Required work » Exactly as they appear, copy the lines from the one holding "Deze kleurrijke spaarpot" through the end of the records, leaving pictures out.

━━━ Record set

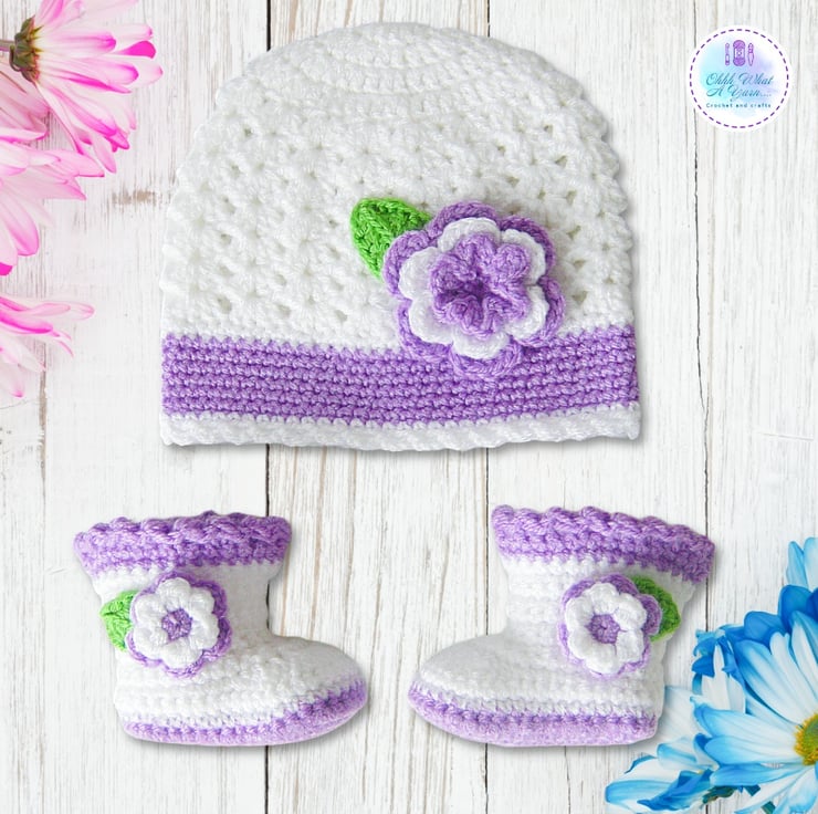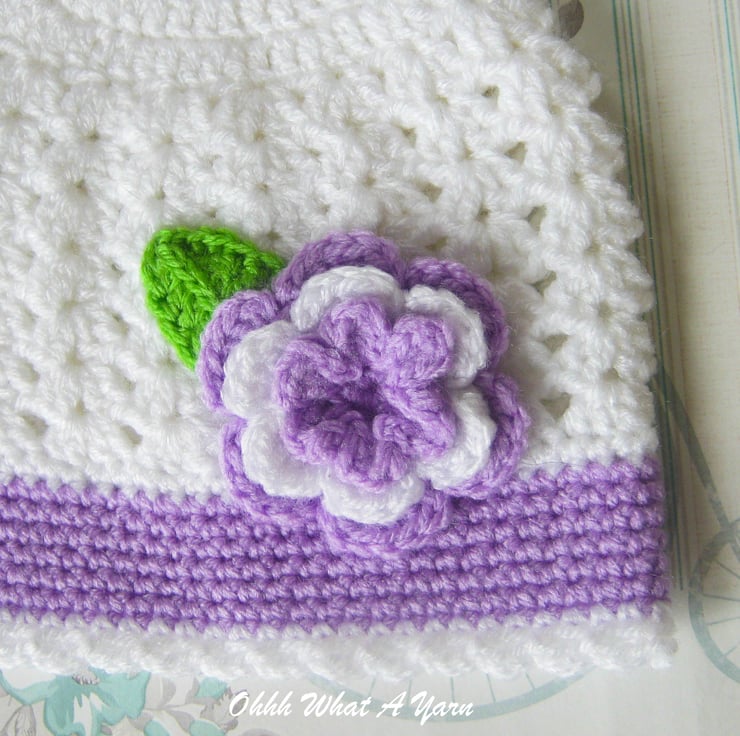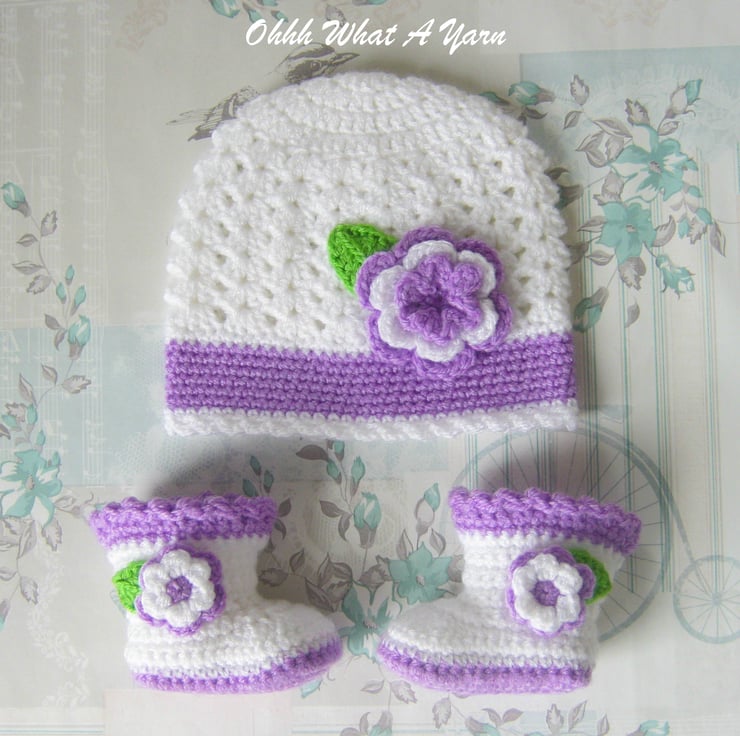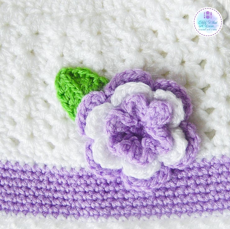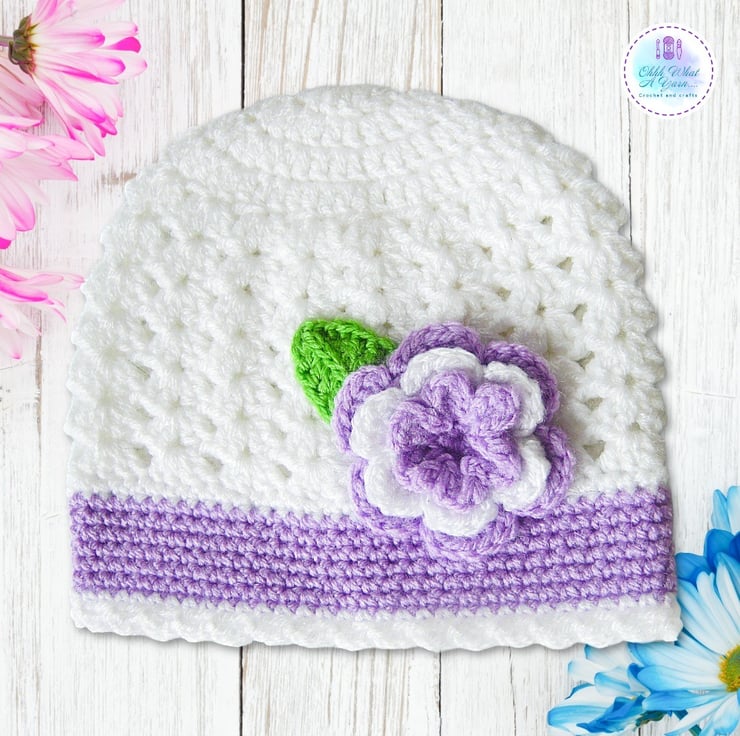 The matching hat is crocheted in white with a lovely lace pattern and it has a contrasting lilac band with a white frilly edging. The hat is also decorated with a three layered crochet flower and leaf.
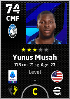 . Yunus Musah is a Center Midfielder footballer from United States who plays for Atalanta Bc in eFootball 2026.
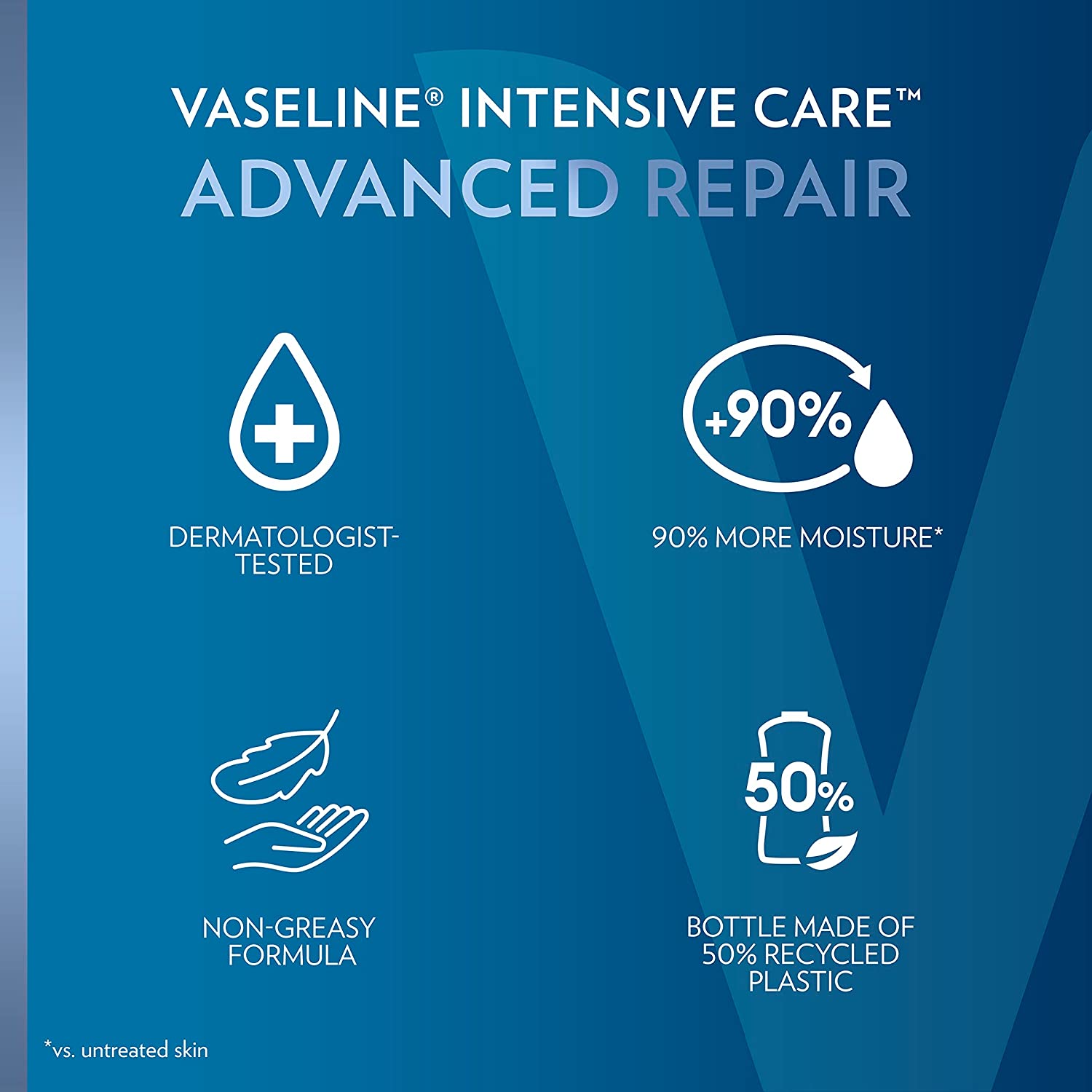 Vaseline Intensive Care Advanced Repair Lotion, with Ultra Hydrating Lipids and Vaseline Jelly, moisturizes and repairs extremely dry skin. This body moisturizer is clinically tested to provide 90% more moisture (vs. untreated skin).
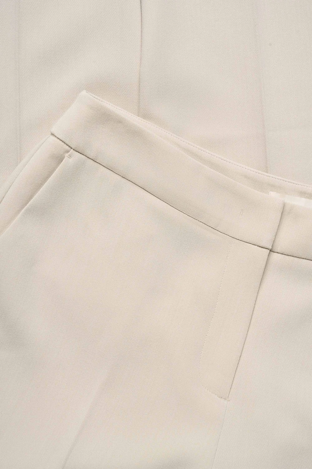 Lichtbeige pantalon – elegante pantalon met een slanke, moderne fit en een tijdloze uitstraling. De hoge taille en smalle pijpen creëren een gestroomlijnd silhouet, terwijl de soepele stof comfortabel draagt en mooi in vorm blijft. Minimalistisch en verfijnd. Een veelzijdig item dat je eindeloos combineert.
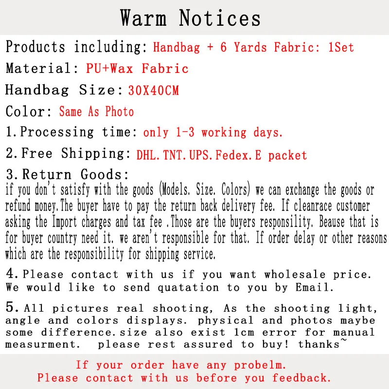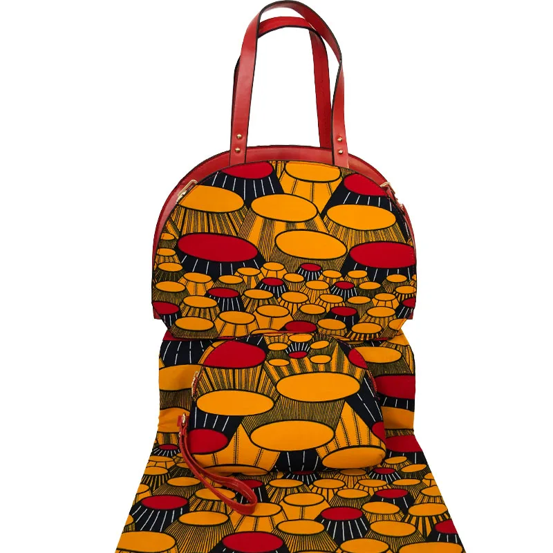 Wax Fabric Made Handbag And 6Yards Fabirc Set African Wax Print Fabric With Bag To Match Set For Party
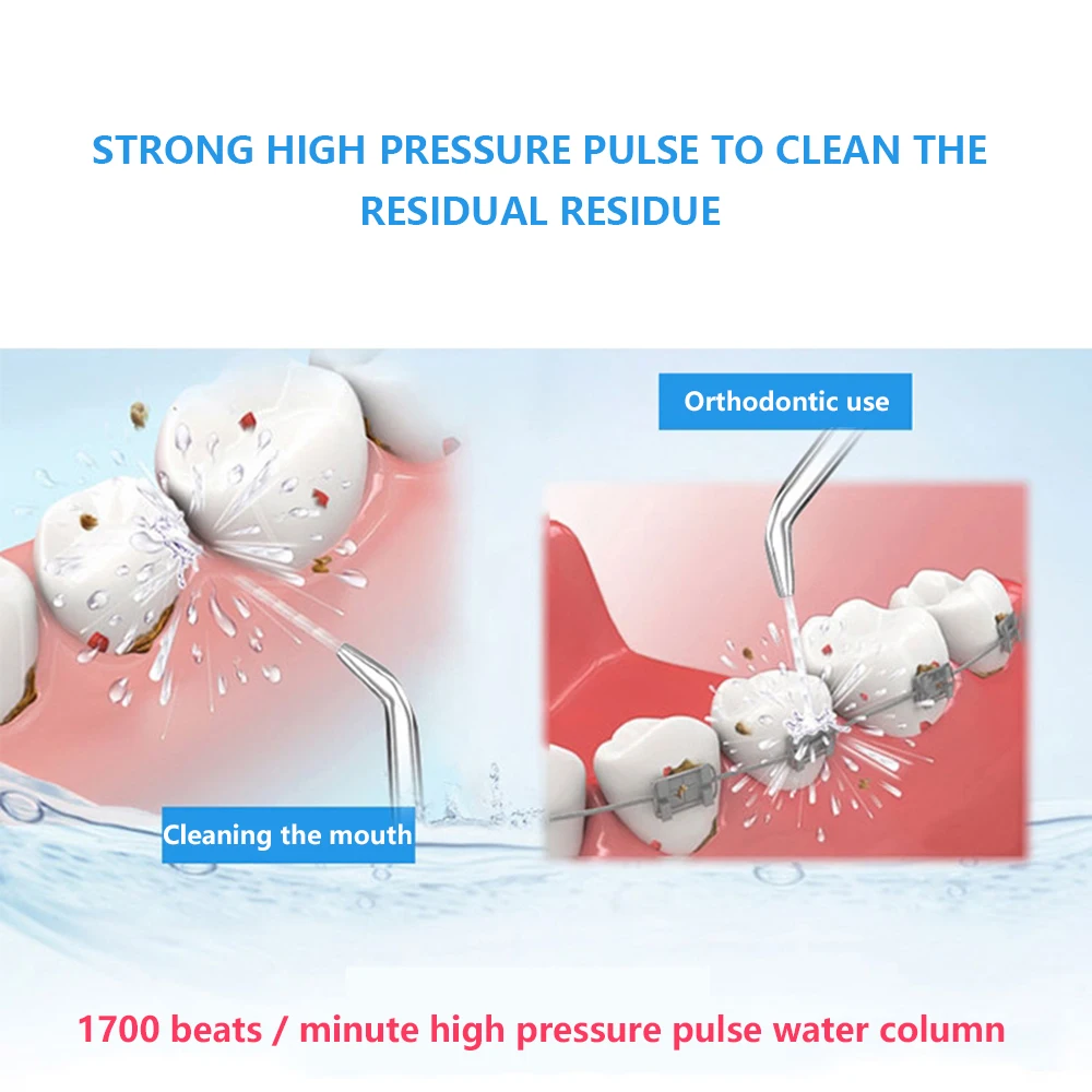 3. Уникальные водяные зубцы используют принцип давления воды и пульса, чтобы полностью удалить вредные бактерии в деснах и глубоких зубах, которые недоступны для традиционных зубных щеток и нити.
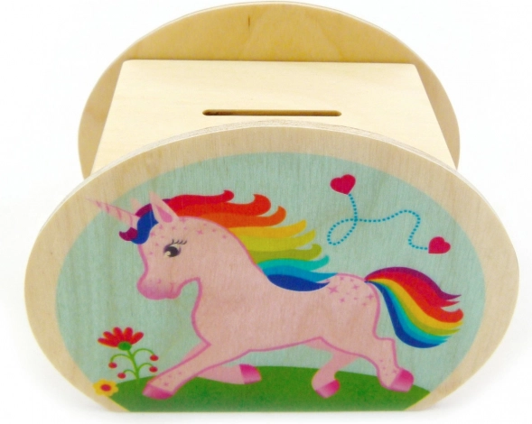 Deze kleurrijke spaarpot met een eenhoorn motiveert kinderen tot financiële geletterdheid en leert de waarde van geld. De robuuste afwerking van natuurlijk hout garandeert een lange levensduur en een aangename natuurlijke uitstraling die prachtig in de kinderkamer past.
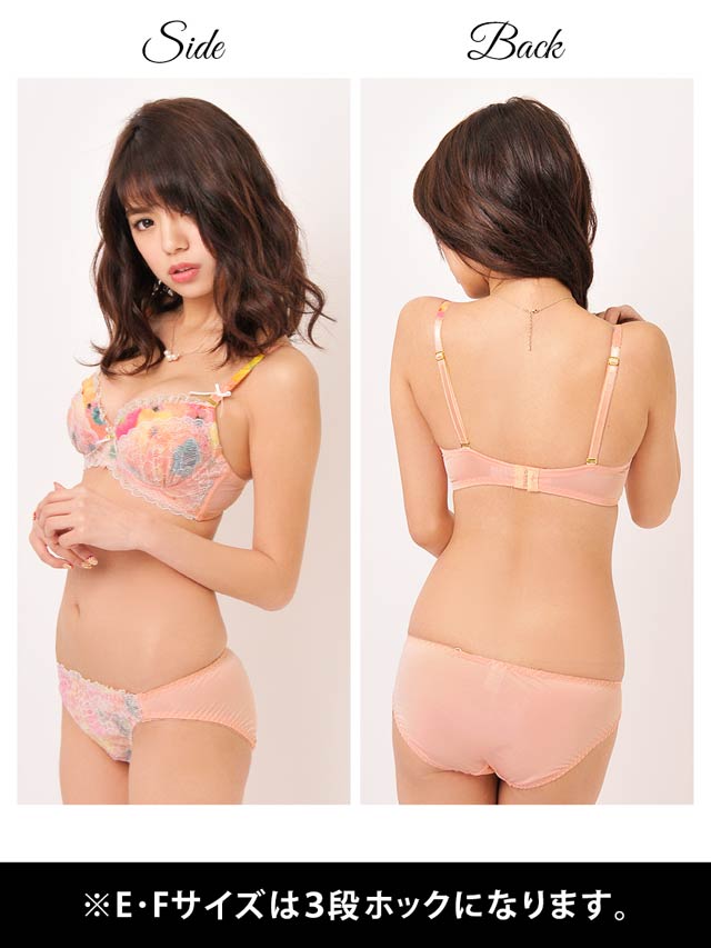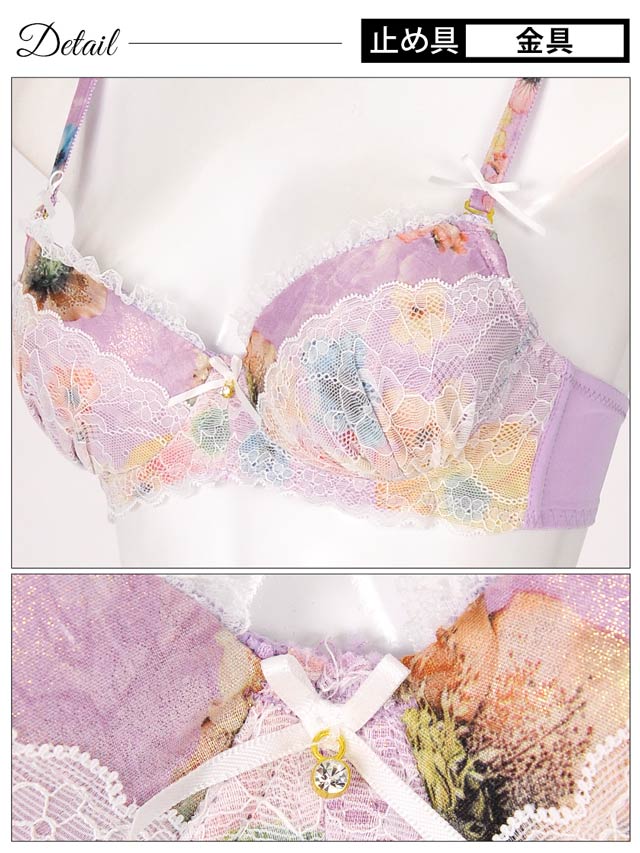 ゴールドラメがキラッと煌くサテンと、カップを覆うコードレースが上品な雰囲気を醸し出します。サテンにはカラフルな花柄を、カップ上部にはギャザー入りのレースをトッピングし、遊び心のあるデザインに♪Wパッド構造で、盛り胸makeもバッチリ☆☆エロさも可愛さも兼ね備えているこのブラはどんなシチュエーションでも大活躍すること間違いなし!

━━━━━━

Response to this task »
 Deze kleurrijke spaarpot met een eenhoorn motiveert kinderen tot financiële geletterdheid en leert de waarde van geld. De robuuste afwerking van natuurlijk hout garandeert een lange levensduur en een aangename natuurlijke uitstraling die prachtig in de kinderkamer past.
 ゴールドラメがキラッと煌くサテンと、カップを覆うコードレースが上品な雰囲気を醸し出します。サテンにはカラフルな花柄を、カップ上部にはギャザー入りのレースをトッピングし、遊び心のあるデザインに♪Wパッド構造で、盛り胸makeもバッチリ☆☆エロさも可愛さも兼ね備えているこのブラはどんなシチュエーションでも大活躍すること間違いなし!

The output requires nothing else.